*** SOURCE MATERIAL ***
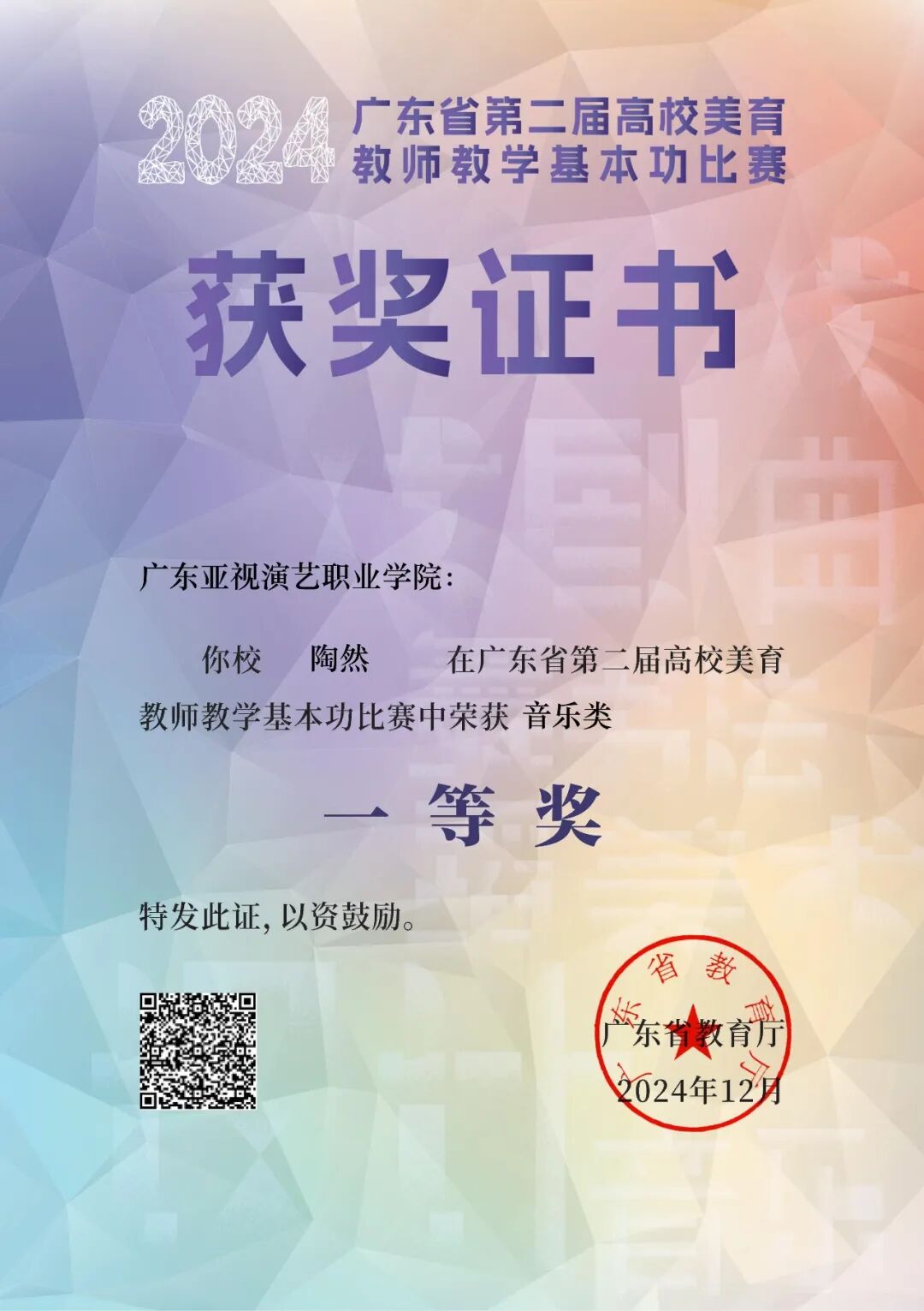 专业证书:教师资格证、美术教育师认证、艺术指导师资格、钢琴与声乐等级认证、舞蹈基础技能证书等。
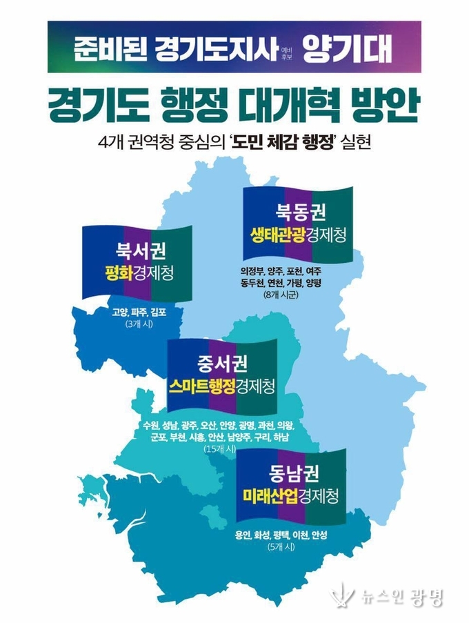 양기대 더불어민주당 경기도지사 예비후보가 경기도의 행정 체계를 4개 권역청 중심으로 재편하는 ‘경기도 행정 대개혁’ 구상을 강화했다.
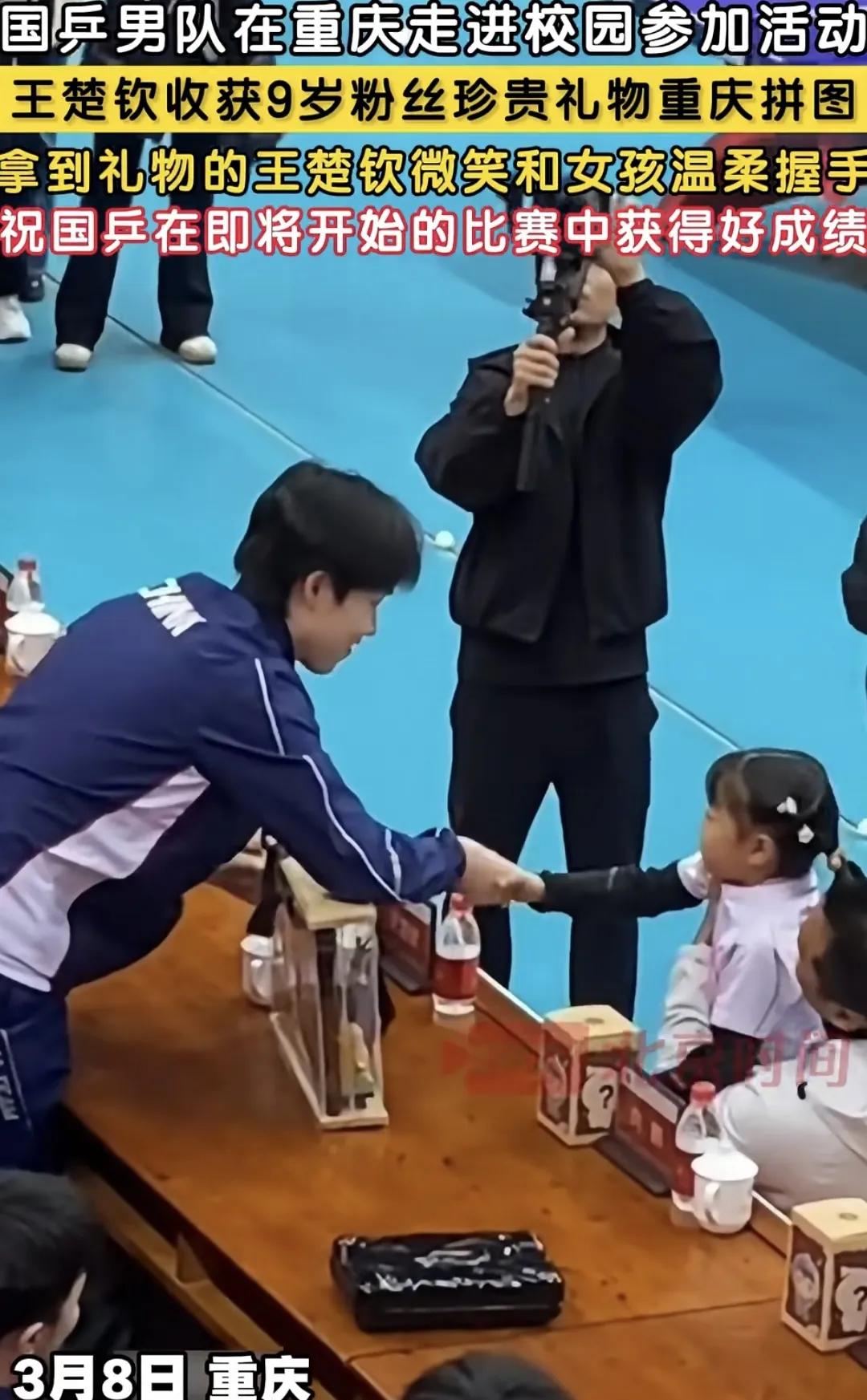 小朋友喜欢王楚钦,孙颖莎,这些小球迷才是真球迷,他们喜欢打球,喜打球好的王楚钦,孙颖莎,小球迷送给王楚钦礼物,小朋友的真心暖到王楚钦,感动了王楚钦,看莎莎打球的小朋友,眼神惊讶,崇拜莎莎打的好。小朋友们内心纯真干净,他们崇拜优秀崇拜英雄,他们不懂什么是饭圈,他们不会造谣污蔑带节奏。那些造谣污蔑王楚钦,孙颖莎是饭圈的人才是真正该打击的饭圈。
*** End of SOURCE MATERIAL ***
Set the material down exactly, images excluded.

ANSWER FOR THIS EXERCISE =
 专业证书:教师资格证、美术教育师认证、艺术指导师资格、钢琴与声乐等级认证、舞蹈基础技能证书等。
 양기대 더불어민주당 경기도지사 예비후보가 경기도의 행정 체계를 4개 권역청 중심으로 재편하는 ‘경기도 행정 대개혁’ 구상을 강화했다.
 小朋友喜欢王楚钦,孙颖莎,这些小球迷才是真球迷,他们喜欢打球,喜打球好的王楚钦,孙颖莎,小球迷送给王楚钦礼物,小朋友的真心暖到王楚钦,感动了王楚钦,看莎莎打球的小朋友,眼神惊讶,崇拜莎莎打的好。小朋友们内心纯真干净,他们崇拜优秀崇拜英雄,他们不懂什么是饭圈,他们不会造谣污蔑带节奏。那些造谣污蔑王楚钦,孙颖莎是饭圈的人才是真正该打击的饭圈。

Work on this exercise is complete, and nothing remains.